Reconciliation: “To find a way in which two situations or beliefs that are opposed to each other can agree and exist together” (Cambridge dictionary).

Every 16 December we have an opportunity to reflect on ourselves, our community and our country as to how far we have come in moving forward on national reconciliation. When then- President Mandela inaugurated the Day of Reconciliation in 1994, he was intentional about changing it from its previous sentiment to a new celebration. As you may already know, 16 December was a public holiday that initially celebrated Dingane’s Day or the Day of the Vow. From 1961 the same day was chosen to initiate the Umkhonto we Sizwe movement, with the aim of defeating the Apartheid system at play in the country at the time. Both events prior to 1994 were celebrated by a smaller group of people within our country. Through President Mandela the day that was celebrated by a select few became an inclusive celebration for a country. In a way we could say that on Reconciliation Day we strive to remember what has separated our people for so many years, and then actively find ways to move closer towards one another.

It’s now 2020 – 26 years later. How far have we come? How far do we still have to go? What are the barriers that keep us from moving forward?

Let us stop and focus on the word barrier and what it stands for. A barrier can be something that stands in the way. Something we might create for ourselves. For example, if my fear of what others will think drives me to conform to a group, I may create a barrier for myself. If I lack the confidence to stand up for another person or to speak out when a situation is not fair, I create a barrier for myself. If I repeatedly become defensive about an issue but don’t take the time to explore it further, I create a barrier for myself.

Barriers can also be something created by others or a circumstance that has been put into my way and blocks my next step. These may include growing up in an environment that had certain misperceptions of other cultures, or born into a culture that caused strife on others. It may be a broken family or values pushed onto me in my early years.

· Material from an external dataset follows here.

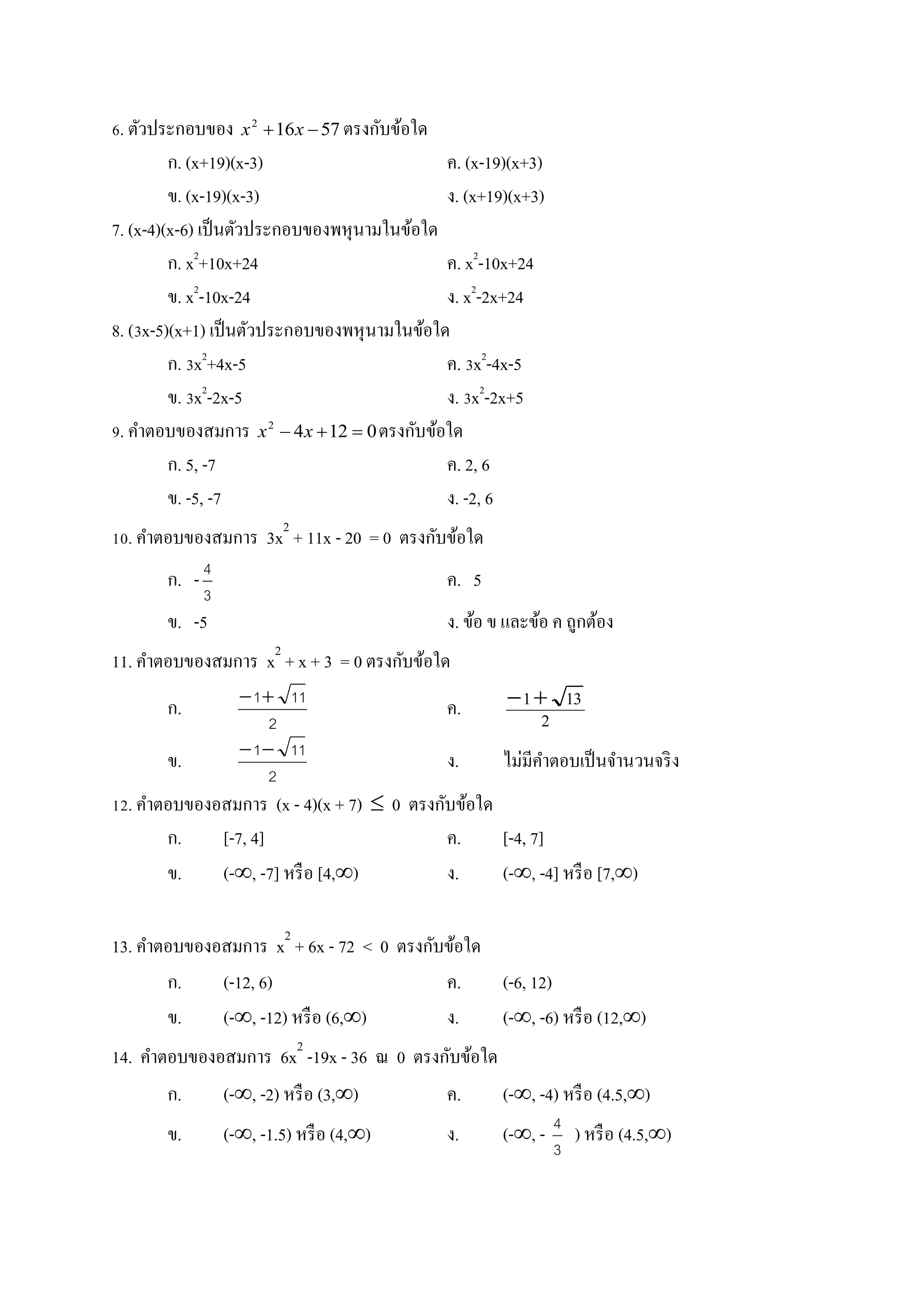 2. จานวนจริง a, b, c ในข้อใดต่อไปนี้ที่แสดงว่าข้อความ

How many of these barriers am I aware of? What is it that stops me from engaging with others that are ‘different’ to me – and let us not talk about the workplace, but who we engage with on our own accord. How diverse are my friendship circles? How freely do I step into conversations that may be difficult to hold, because of the emotions that may arise? Why is it that some of our fellow South Africans still to this day are made to feel inferior or still feel inferior to others and why do our young people still have similar challenges to those of their parents? We just have to switch on to a news channel and these barriers can heard.

We could continue making a list with examples… and maybe you would like to stop for a moment by reflecting on your own.

Regardless of what our barriers are, we can choose how we respond to them. We have a choice to have our emotions rule us or rule over them. Our life may have been impacted by our past, by our parents or culture, but we have a choice as to whether we want to continue on that road or change direction. Usually, the choice to change ourselves or be a change in our environment requires more work than leaving it as is…

What would happen, if more of us were to actively break down those barriers as they come up before us? What would happen if we would spend a little more time in the shoes of another and listen to their story; if we took time to learn a new language (as our President Ramaphosa suggested earlier this week) or if we stepped in and spoke out when we see inequality in the workplace, in our schools or in our community? What would happen if we reacted less to an opinion that touches a nerve and rather let it sink in, and then engage with that person from whom it comes a little more? What if we spoke out about our past perceptions, misperceptions and actively seek forgiveness? What if we would actively stop giving our opinions and actively listen to that of another?


It takes courage, honesty and humility to reconcile!


And so, as we get back to the definition: reconciliation means acknowledging that opposing beliefs or situations exist. The action is to find a way towards an agreement, and possibly even success. So, should Reconciliation Day not remind us that we live in a society where opposing beliefs, opposing situations exist? And should this day not challenge us to find ways to bring these oppositions closer together, to exist together?

To make it really practical, here are a few ways to tackle the barrier (s) and reconcile:

  1. Realize that there is an issue – realization implies an acute awareness that there is a problem or a grievance, and naming them.
  2. Identify with the other – identifying with another does not mean I have to become like them. It means that I listen, actively, to hear the story of the other, it means learning to understand, to put myself in the shoes of the other. It is this, that makes telling stories (something we as South Africans do well) valuable. Interestingly, the more we share our stories, the more we may see where we are similar…
  3.  Prepare to do something – finding a way means doing something, getting your hands dirty so to say. It means engaging with the idea that you have a choice, a responsibility to do something to bring about reconciliation. Just remember: a good idea always has a plan!
  4. Get stuck in – it is doing that brings about change, not good intentions or good thoughts, or dare we say great words. So, unless I take action, nothing changes!


Reconciliation doesn’t come cheap! It is hard work, and costly. It takes energy, a huge dose of humility and possibly even sacrifice. May today offer you some time of deep reflection, realizations and conversations that lead to acts of reconciliation.